ベビーフード産業発展の背景
出典: フリー百科事典『ウィキペディア(Wikipedia)』 (2021/08/10 15:54 UTC 版)
「ベビーフード」の記事における「ベビーフード産業発展の背景」の解説
社会的側面 日本においては、少子化にも関わらず、ベビーフード産業は年々成長を遂げている。日本ベビーフード協議会の推計では、2018年の市場規模は440億円と過去最多であった。その社会背景には共働き世帯の増加、ベビーフードを使うことへの心理的抵抗感の薄れとかつてより少ない子供に費用をかける志向、外出先に携行できるレトルトパウチ入りや1歳過ぎても使える製品の開発などがある。離乳食の調理は非常に時間と手間の掛かる作業で、それらは主な養育者である母親の負担になっていた。それが育児と仕事を両立させるとなると、相当な労力である。順って、調理の手間を省くことができる既成の調理品であるベビーフードがその利便性故に重宝されるようになったのである。 栄養面 ベビーフード使用拡大の背景には、栄養に対する不安も大きい。

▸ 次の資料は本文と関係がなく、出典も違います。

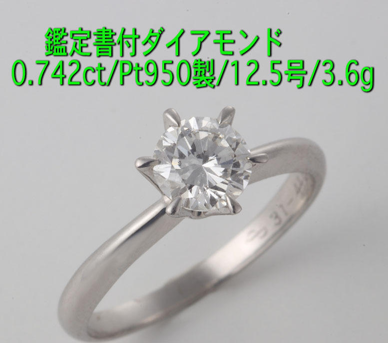 [[全ての商品に品質保証カードが付きますのでご安心ください]] 高島屋デパートで購入されたリングです。高島屋発行の鑑定書が付属しております。0.742ct/V V S-1/Hcolor/Very Good cutと表記されています。当方所属鑑定士からの報告では、ちょっと評価が下がっています。カラーは I /カットはGood/クラリティは同じでV V S-1評価でした。それでも0.7ct以上のダイアでV V S-1のダイアですから極上のダイアモンドだと云えます。市販想定価格は70万円以上で、デパートでしたら100万円を超えるかも知れません。代々使っていけるものですからこの機会に如何でしょうか。,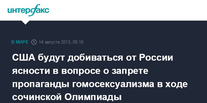 Вашингтон. 14 августа. ИНТЕРФАКС - Соединенные Штаты будут продолжать контакты с Россией, и добиваться полной ясности в том, будет ли закон о запрете пропаганды гомосексуализма среди несовершеннолетних применяться в ходе Олимпиады в Сочи, заявила представитель госдепартамента США Мари Харф.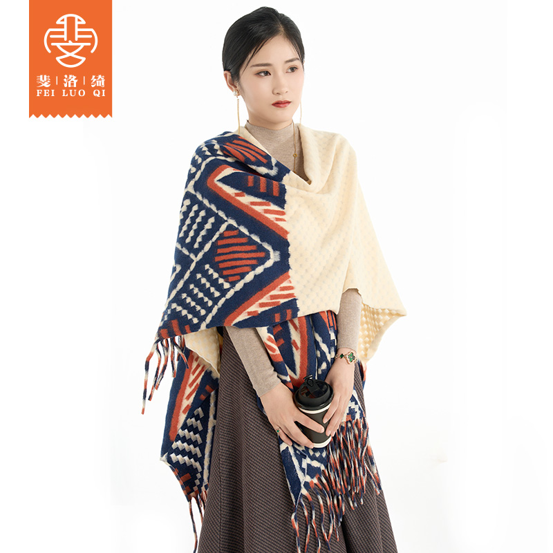 新款 民族风外搭披肩斗篷披风女夏天围巾云南海边拼接穿搭旅游外出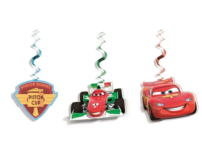 Embalagem de 3 espirais decorativas sortidas, com imagens das personagens do Faísca Cars, para a decoração das festas de aniversário.

栄養に対する知識は育児の上では絶対に欠かせない事項であり、バランスの取れた食事を摂っていかないと、子どもの成長に支障を来す恐れがある。しかし、離乳食は作るのが難しく、仮に作ったとしてもそれがどれぐらいの栄養、塩分なのか素人では栄養摂取量の計算が困難である。だからこそ、予め栄養が表示された調理品を利用する傾向にあるといい、これならいつどのくらいの栄養を摂ったかすぐに計算できる。また、調理品の場合、栄養バランスが偏らないように配慮されたものが多いので、確実な栄養摂取ができるようになっている。これらベビーフードは大体、メーカー直属の栄養士が指導に当たっている。栄養のプロが指導した食品であるゆえに、消費者は安心して栄養摂取の方法を得ているわけである。 安全面 そして今日では食に対する安全性も重要な要素である。一般に出回っている食品類は残留農薬や抗生物質、細菌類、食品添加物などの面で乳児にとって決して安全とは言い難く、成人はこれらの毒素を分解、濾過、排泄などを行う各種内臓器官が発達しているが、乳児ではそれが未発達であるため、一定のリスクが伴う。また、成人の食事では味付けが濃いために、塩分や糖分夥多になる恐れがある。そのため、ベビーフードに安心と信頼を置いて、利用しているのである。 ベビーフード各社で作るベビーフード協議会は、食品衛生法やJAS法、健康増進法などに基づき、非常に厳しい安全基準を設定している。 まず、食品添加物類はほとんど用いられない。塩分や糖分もかなり控えられており、ナトリウム含有量にも規定値が設けられている。そのほかにも内分泌攪乱物質(一般に言う環境ホルモン原因物質)、使用する容器に対する安全基準など非常に厳しい決まりがある。 特に年々厳しくなっているのが使用原料に対する規制である。2002年にベビーフードメーカーの調理品から基準値以上の残留農薬が検出されたことがマスコミに取りあげられ、世間のベビーフードに対する視線は厳しい物となった。それによって協会、及びメーカーは対応に追われ、安全基準の抜本的な見直しが図られることになったのである。故に今日では使用する穀物、野菜や魚介類、精肉などの原料類にも厳しい規制が設けられ、消費者のニーズに応えるようになっており、メーカーはより安全な原料の確保を行うようになった(例として原料を輸入冷凍野菜から、国産の契約農家からの仕入れに変えた、などがある)。 むしろ、そうしないとメーカーは消費者からの信用、信頼を失うからである。顕著な例として、森永乳業が起こした森永ヒ素ミルク中毒事件に見られる様に、一度信頼を失ったメーカーは確実に競争に敗れ、後退してしまう。それほど消費者はベビーフードに対して高い安全意識を持つ。そのたとえとして、ベビーフードと食品を扱うドラッグストアでは、インスタントラーメンやジュース類などはだいたい賞味期限まで半月ぐらいに迫ったら店から下げたり、ワゴンで値下げ販売をしたりするのが一般的だが、ベビーフードに至っては2ヶ月前になったら店から下げるのが常識と言われる。賞味期限切れのベビーフードを買わせたとして裁判沙汰になったケースもあるほどである。